The reason why there are no scores in the 1 han 20 fu cell is that such a hand is impossible. The only 20 fu hands are the no-points hand (pinfu, 平和) where the winning tile is self-drawn. However, since a no-points hand must be closed, it makes winning via a self-drawn tile automatically add 1 han yaku of self pick to the hand. Therefore, a 1 han 20 fu hand cannot exist.  A seven pairs hand is fixed at 25 fu.  Since the hand is always closed, it adds 1 han of self pick when won by self-draw.

Mangan
When it is clear that a hand reaches basic points of more than 2,000, it is limited to full basic points of 2,000 and called mangan (満貫). A hand of five han or more is always counted as a multiple of mangan. In those cases, there is no need to calculate basic points.

One han cannot reach mangan because 110 fu × 2(2+1) = 880 < 2,000. (With one han, 110 fu is the maximum.)

Two han cannot reach mangan because 110 fu × 2(2+2) = 1,760 < 2,000. (With two han, 110 fu is also the maximum.)

When a hand has 120 fu or more, it always has some yaku of three han or more.

Exhaustive draws
On plenty of occasions, a hand ends with all tiles drawn and the 14 tiles in the dead wall remain.  Yet, no player wins the hand.  This is the exhaustive draw.  In this case, points may be exchanged barring any tenpai hands vs nōten hands.  After each exhaustive draw, the counter increases by one.

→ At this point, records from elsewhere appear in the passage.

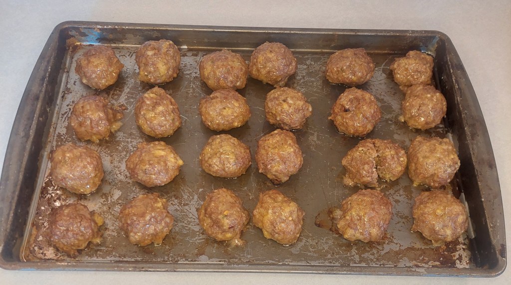 Now comes the hardest part, trying to make evenly sized meatballs. I’d say my 4th column was my most consistent but that was pure dumb luck. Because I said the recipe made 24 I was stealing little bits off of all the larger ones when I found myself at the end with 23 perfectly sized meatballs. So 23, 24 or 25 it doesn’t matter so long as they fit on your tray you’ll be fine.
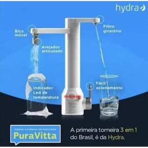 Torneira Puravitta Bancada Eletrica Filtro 127v 5500w Hydra Apresentamos a Torneira Puravitta Bancada Elétrica com Filtro 127V 5500W da HYDRA Descrição do Produto: A Torneira Puravitta da HYDRA é a solução perfeita para quem busca praticidade e eficiência na cozinha. Com um design moderno e funcional, esta torneira combina tecnologia de ponta com conforto, oferecendo água filtrada e aquecida instantaneamente. Ideal para quem valoriza qualidade e inovação. Benefícios e Características Principais: Água Filtrada e Aquecida: Sistema de filtragem integrado que garante água limpa e saudável a qualquer momento. Eficiência Energética: Potência de 5500W que aquece a água rapidamente, economizando tempo e energia. Design Compacto: Perfeita para instalação em bancadas, ocupando pouco espaço e proporcionando um visual elegante. Fácil Controle de Temperatura: Ajuste a temperatura da água conforme sua necessidade, garantindo conforto e segurança. Especificações Técnicas: Marca: HYDRA Potência: 5500W Voltagem: 127V Dimensões: Largura 20,00 cm x Altura 10,00 cm x Profundidade 40,00 cm Peso Líquido: 1,000 kg GTIN/EAN: 7896650422384 Itens Inclusos: Torneira Puravitta Bancada Elétrica Manual de Instruções Kit de Instalação : 3 meses contra defeitos de fabricação Observação: Imagens meramente ilustrativas Por que escolher a Torneira Puravitta da HYDRA Marca: Não Informado
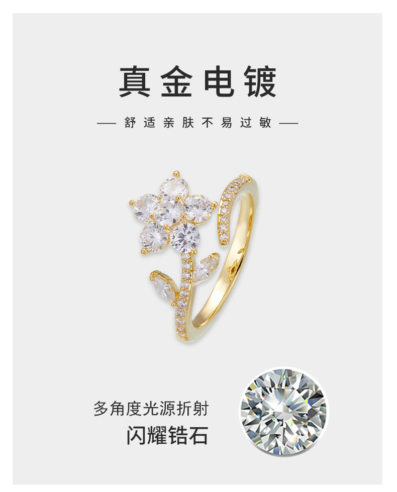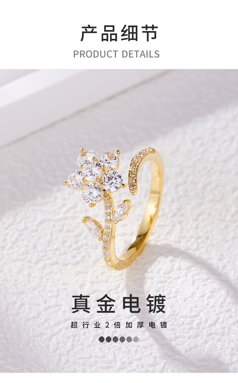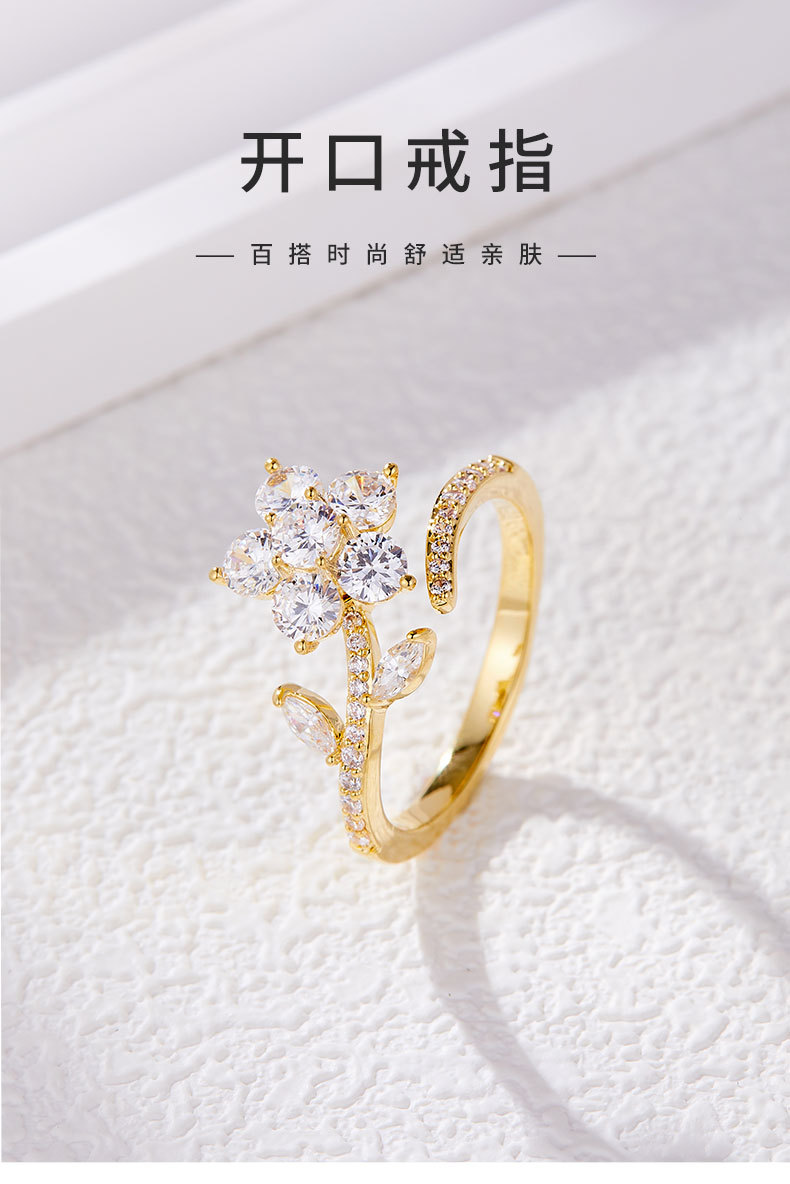 高级感双花朵开口戒指小众轻奢精致食指戒真金电镀爆款可调节戒圈
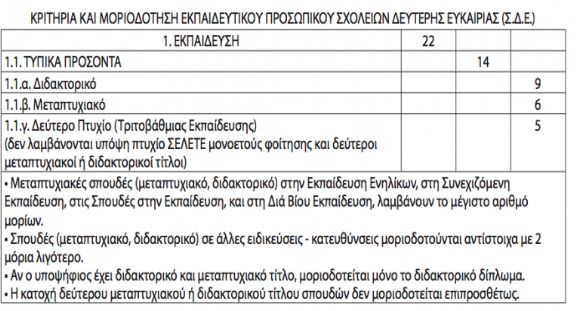 Οι υποψήφιοι θα καταταγούν σε έναν (1) αξιολογικό πίνακα κατάταξης ανά Περιφέρεια, ανάλογα με την ειδικότητά τους σύμφωνα με τον πίνακα μοριοδότησης.
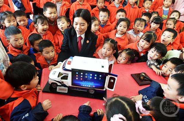 “車載便民法庭”功能啟動觀摩環(huán)節(jié),幼兒園的娃娃們對“車載便民法庭”非常感興趣。
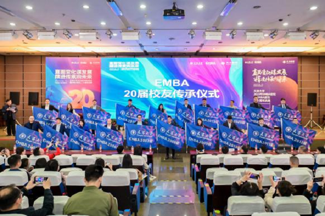 This year marks the 20th anniversary of the enrollment of Tianjin University's EMBA program. In order to pass on the spirit of Tianjin University's EMBA, the Alumni Association Council of the Tianjin University EMBA was established at the meeting, and a ceremony was specially planned to pass on the EMBA 20th alumni tradition. Each representative of the EMBA raised a flag. The twenty flags symbolize the 20 years of continuously cultivating the talents of the EMBA program of Tianjin University, as well as the 20 years of struggle of EMBA alumni together. In the future, the Tianjin University EMBA team will continue to grow and the excellent traditions and spirit of EMBA will never cease.
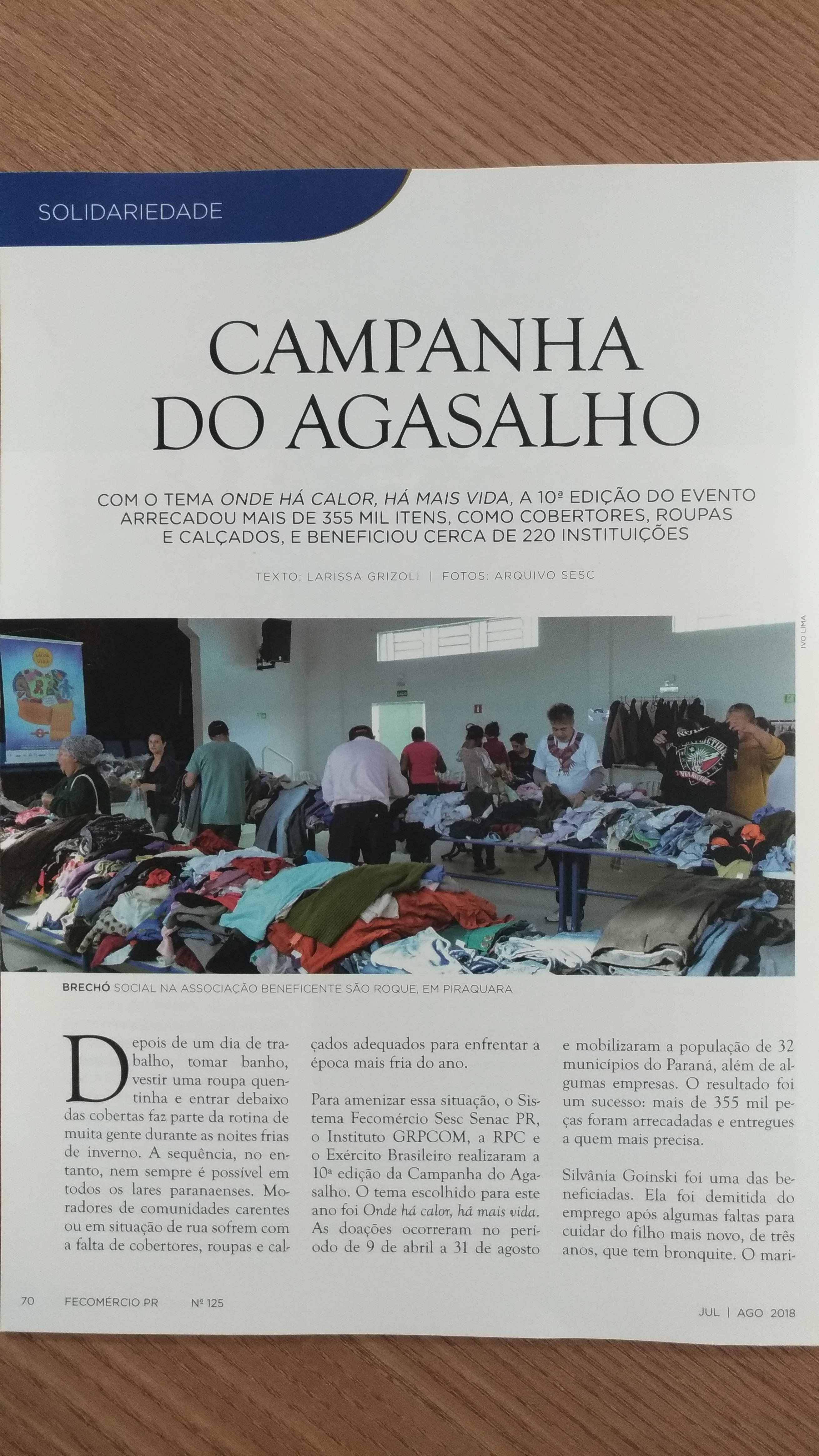 Nossa coleta compreendeu o período de 28/05 a 29/06/2018, totalizando 6.105 peças de agasalhos doados; sendo recorde de volume em arrecadação.

TenpaiTenpai (聴牌) means one tile short of a winning hand. To be tenpai, a hand does not need any particular yaku partly because winning by the last discard is yaku itself. When a hand is not tenpai, the situation is called nōten (ノー聴: nō is English "no" and ten for tenpai). 

Players must show their hand to verify that it is tenpai when a hand is a draw and if they declared rīchi or if they declare tenpai. If a hand with rīchi declaration is nōten, a chombo penalty is imposed. In some cases, a player who didn't declare rīchi can declare nōten even when the hand is tenpai to keep their hand concealed.

Point exchange
Players receive or pay points called nō-ten bappu (ノー聴罰符; fu of penalty for nōten) in the following way when a hand ends in an exhaustive draw: 
 (1) one player is in a state of tenpai, the player gets 1,000 points from each of the other three players and receives total of 3,000.
 (2) two players are tenpai, they get 1,500 each and the other two players pay 1,500 each.
 (3) three players are tenpai, they get 1,000 each and the other player pays 3,000.
 (4) the players are all  tenpai or all nōten, no payment is made.

In most rules when a dealer's hand is nōten, the dealer changes and the game wind may change. But if it's the last hand of the last round, in some rules, a game does not end if the dealer declares nōten.

Counters
When there are counter sticks (honba) on the table, winners get bonus points calculated by multiplying 300 by the number of those counters. Honba (本場) is a unit of continuous dealer wins and draws, and to be exact, hon (本) is a unit of numbers of some bars and so on, and ba (場) means a scene or a situation.

The dealer keeps count of the number of continuous dealer wins and draws by placing point sticks on the table. While point sticks are usually used for scoring, here they are used merely as counters, a visual aid. The initial count is zero. The number of counters increases by one when:
 (1) the dealer wins a hand
 (2) a hand is a draw (ryūkyoku, 流局)
 (3) an abortive draw happens. 

In the case of (1) or (3), the dealer remains the same. In the case of (2), when the dealer cannot declare tenpai, the dealer changes, but the number of counters increases regardless of whether the dealer declares tenpai. In all other cases, namely when only a non-dealer wins, the count is reset to zero.Renchan (連荘)  is a situation in which a player successively plays the dealer, and is often only caused by dealer's win or tenpai; therefore, draws are not always renchan. On the other hand, the number of honba always increases when a draw or a dealer's win occurs. If the dealer changes, it is called rinchan (輪荘) instead of renchan, and happens for example by their nōten in the case of a draw. 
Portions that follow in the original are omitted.